Pensions: what is article 47.1, which the executive could use to push through its reform?


Ten. This is the number of times that Prime Minister Élisabeth Borne has triggered Article 49.3 of the Constitution since June 2022, in order to have the 2023 finance bill adopted without going through the votes of the deputies of the National Assembly. This “constitutional weapon” could again be used to pass the highly contested pension reform bill, against which the inter-union is mobilizing on Thursday. But beyond 49.3, the executive could use another much lesser-known article of the Constitution: 47.1.

Cut short the debates in the Assembly

Never used under the Fifth Republic, article 47.1 can only be used in the context of “social security financing bills”, can we read in the Constitution. The pension reform ticks this box, because the government has decided to integrate it into the bill for the amending financing of Social Security (PLFRSS).

Concretely, 47.1 would allow the government to speed up the procedure for examining the text by the National Assembly to pass it to the Senate. “If the National Assembly has not decided on the first reading within twenty days after the filing of a bill, the Government seizes the Senate which must rule within fifteen days”, is it written in the Constitution. In total, Parliament has 50 days to decide, otherwise “the provisions of the draft can be implemented by ordinance”.

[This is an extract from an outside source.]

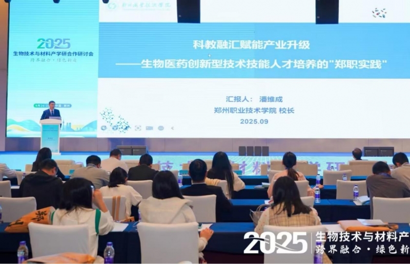 9月27日,郑州职业技术学院党委副书记、校长潘维成教授出席“2025全国生物技术与材料产学研合作研讨会”并作主旨报告。
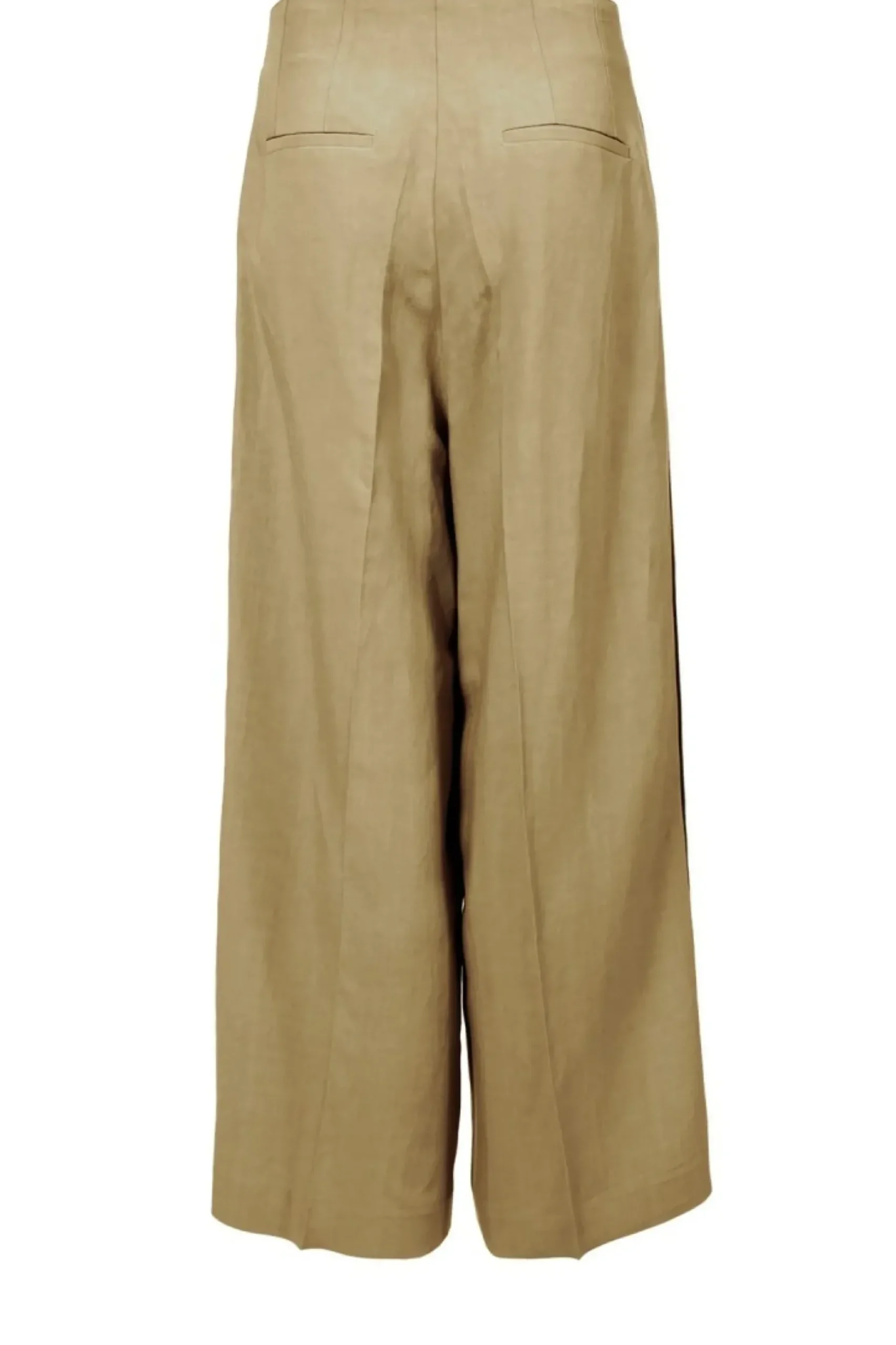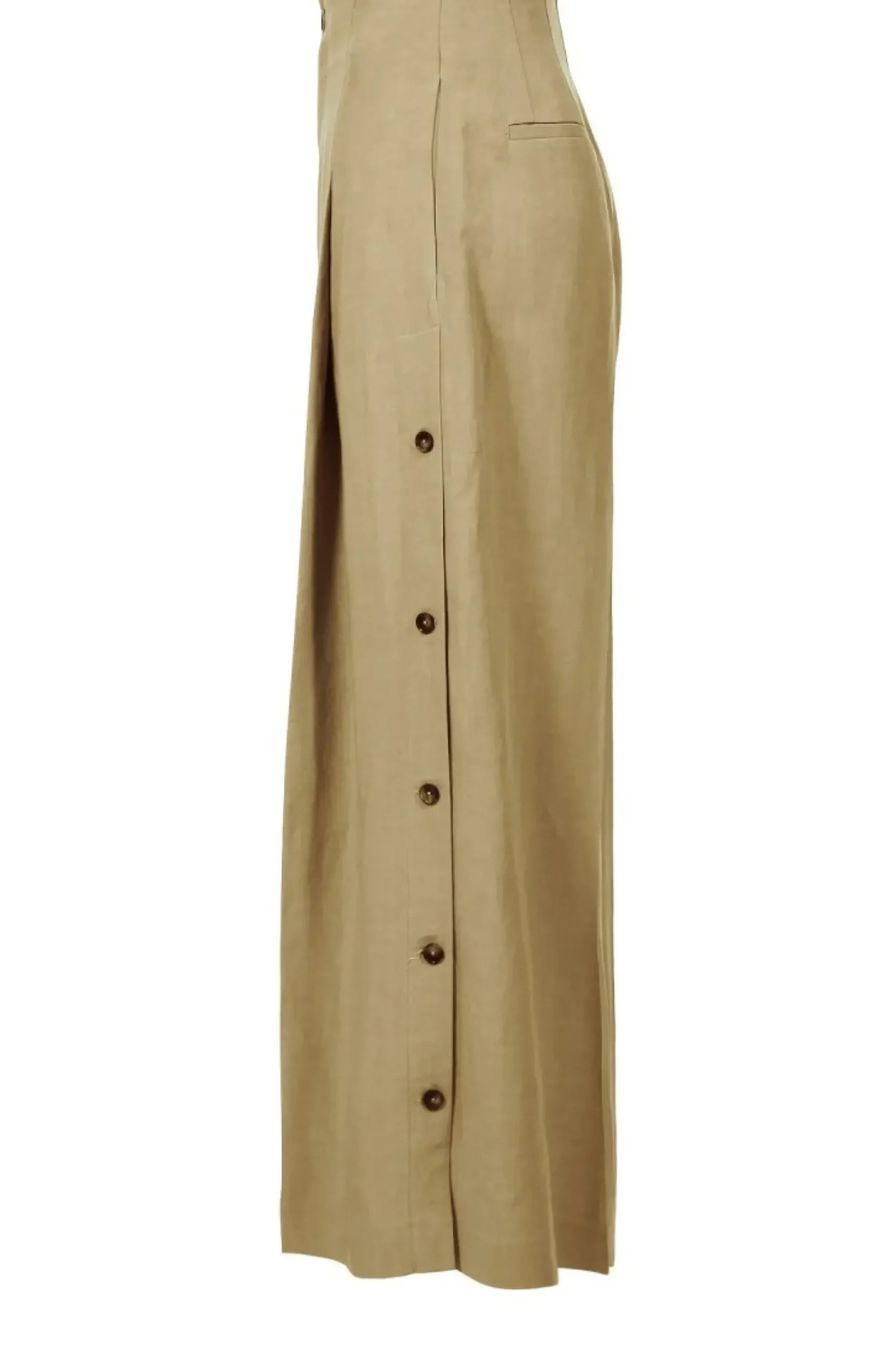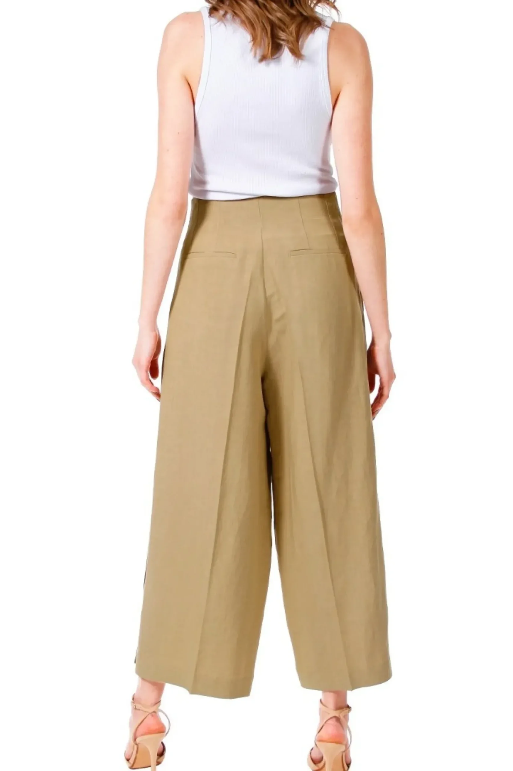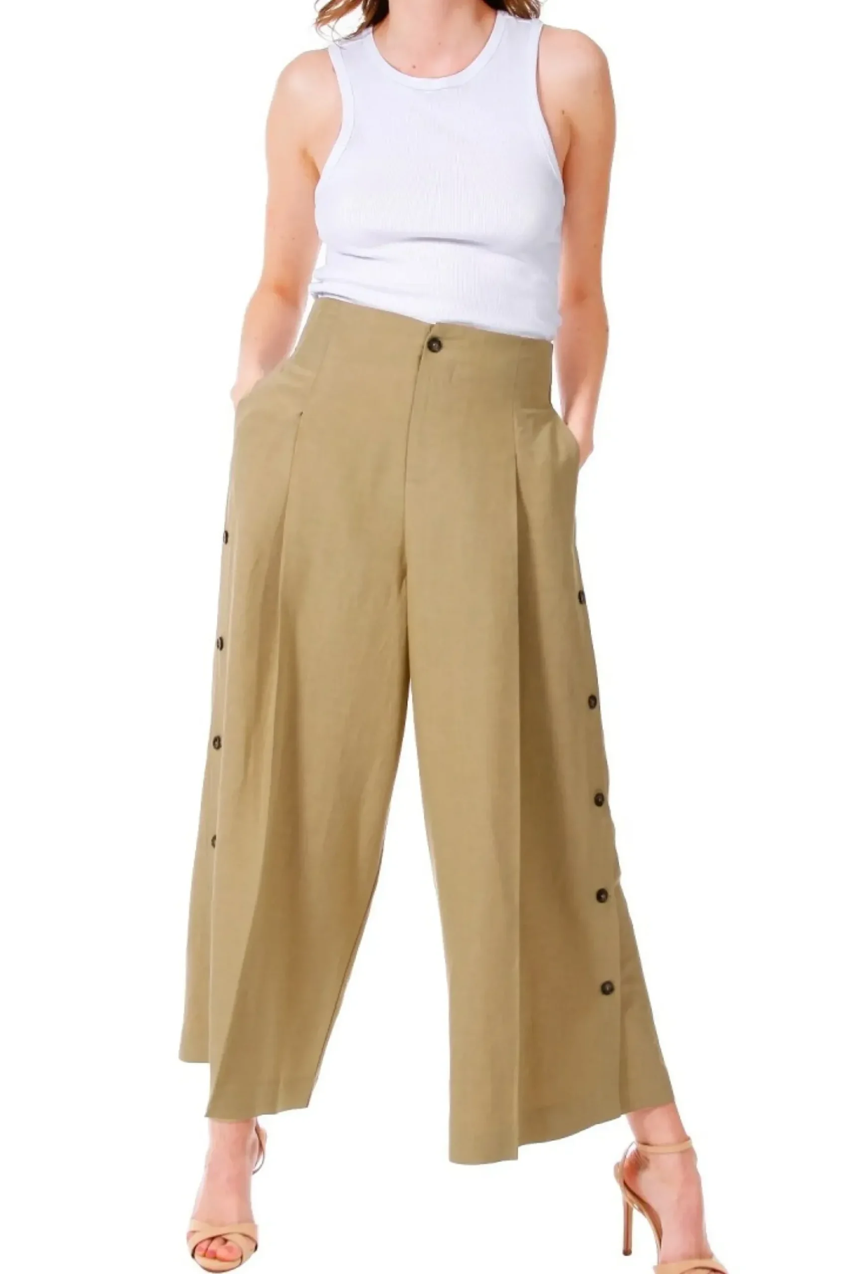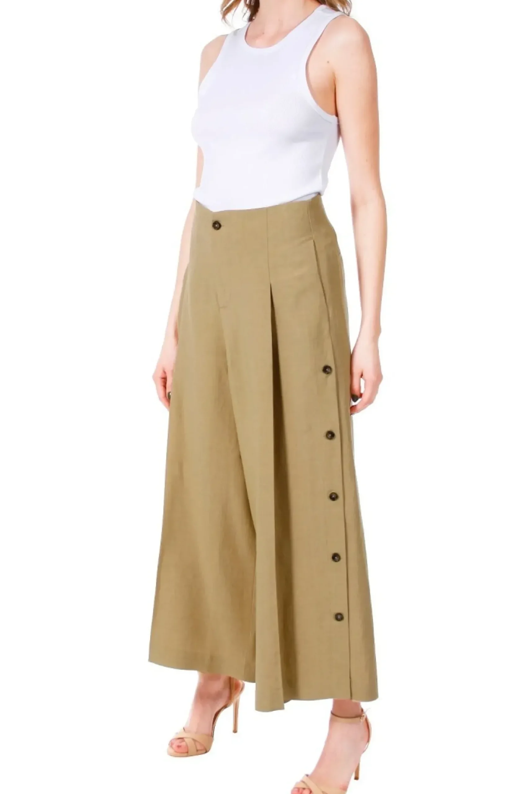 Lniane Spodnico-Spodnie, W Jezyku Francuskim Nazywane Culottes. Fason O Wysokiej Talli. Szerokie Nogawki Zapinane Na Szylkretowe Guziki – Mozliwosc Regulacji Wysokosci Rozpiecia Pozwalajaca Eksponowac Nogi. W Szwach Bocznych Wygodne Kieszenie. Swietnie Wspolgraja Z Sandalami Na Klocku, Espadrylami Czy Wygodnymi Sneakersami.

In fact, this would allow the government to play on time and cut short the debates in the National Assembly, when they already promise to be agitated. Therefore, it would be up to the senators to vote on the text, themselves within a given time (15 days as the Constitution emphasizes).

Getting senators to vote on the text, an advantage for the executive?

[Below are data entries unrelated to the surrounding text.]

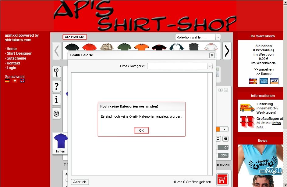 Hm, irgendwie ist der Shört-Shop defekt, die Motive und Grafiken sind wech,
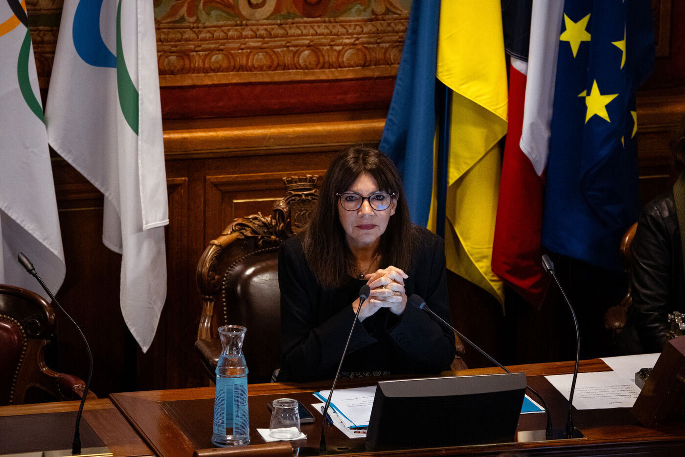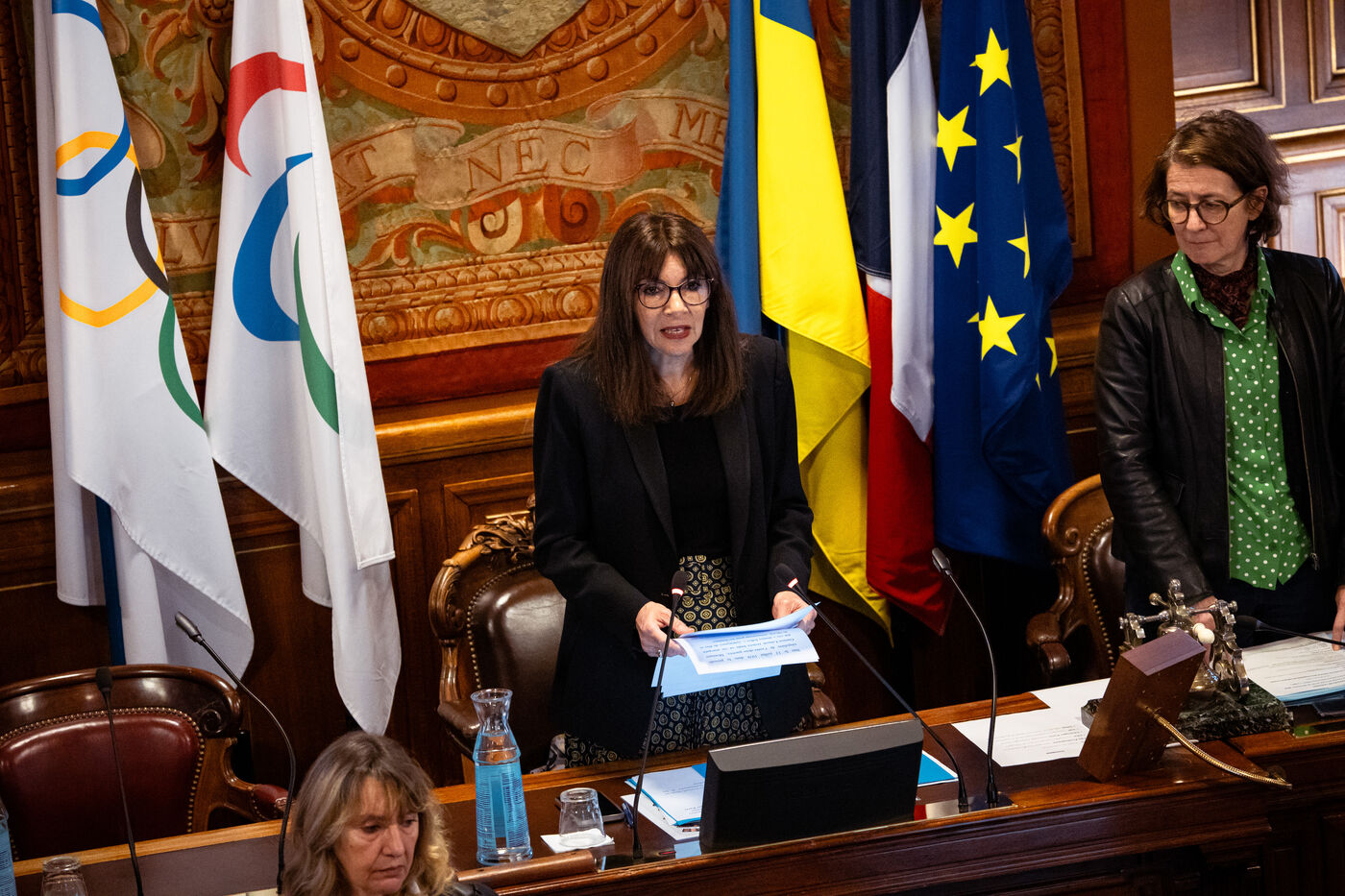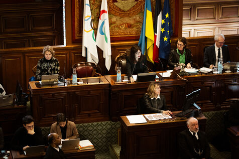 February 2024 Paris Council meeting at Paris City Hall. Topics discussed: sale of Parc des Princes to PSG, school map, local mobility plan in Paris and granting honorary citizenship to Hamas hostages. Paris City Hall, Tuesday February 6, 2024.
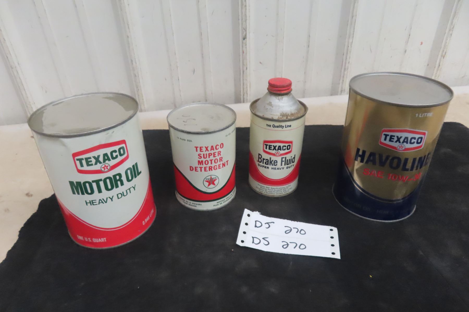 (4) Texaco Cans : Motor Oil, Motor Detergent, Brake Fluid.

A significant advantage for the executive because the Senate, mainly composed of elected Republicans, seems to be in favor of postponing the legal retirement age to 64 years. During his wishes to the senators, the president LR of the Senate, Gérard Larcher, did not hide that he considered the pension reform “necessary”, even if it “[suscitera] social mobilizations and passionate debates”. Before adding that the envisaged reform is “not very far from what has been proposed with consistency and in a spirit of dialogue by the senatorial majority for four years”.

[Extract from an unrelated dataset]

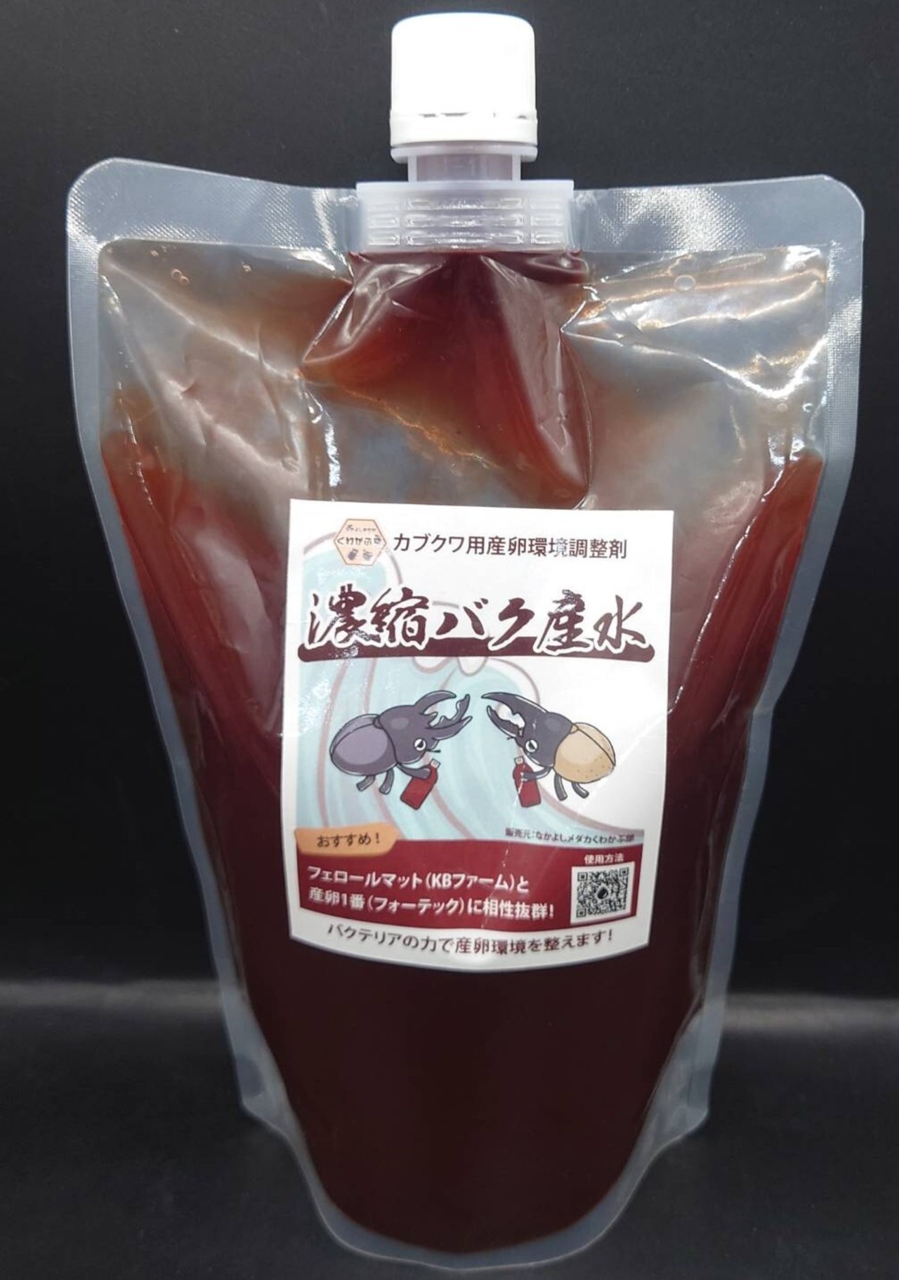本製品はマット内にバクテリアを加えることで幼虫の餌が豊富にあると♀に認識させ、産卵を促進する効果があります。十分に使い古した産卵用マットも蘇ります。実際に様々なカブトムシ、クワガタで検証した結果、効果を実感できました。フェロールマット、産卵一番と特に相性がよく、産み渋っている個体やたくさん産んでほしい生体にご活用ください。バクテリアは幼虫の餌にもなるので、初令幼虫が安定して育つ環境を作ります。マットに加えて材を入れることで、バクテリア材の作成も可能です。

And if the Senate fails to agree, Article 47.1 allows the government to ask Parliament to pass the text by ordinance. But nothing is yet decided because, beyond the Senate, the Constitutional Council could reject the bill, to avoid any “misuse of procedure”, as the president of the institution, Laurent Fabius, pointed out before journalists on January 13. “We do not want any abuse of procedure. We will refer to the sincerity of the parliamentary debate,” he said, as reported The chained Duck. “If a text arrives in the Senate without a prior vote of the Assembly, it is embarrassing.”

If the executive still decides to use 47.1, the countdown could be launched as early as January 30, the day when the deputies will begin to examine the text on the pension reform in committee. As for the debates in the National Assembly, which already promise to be stormy, they will begin on February 6th.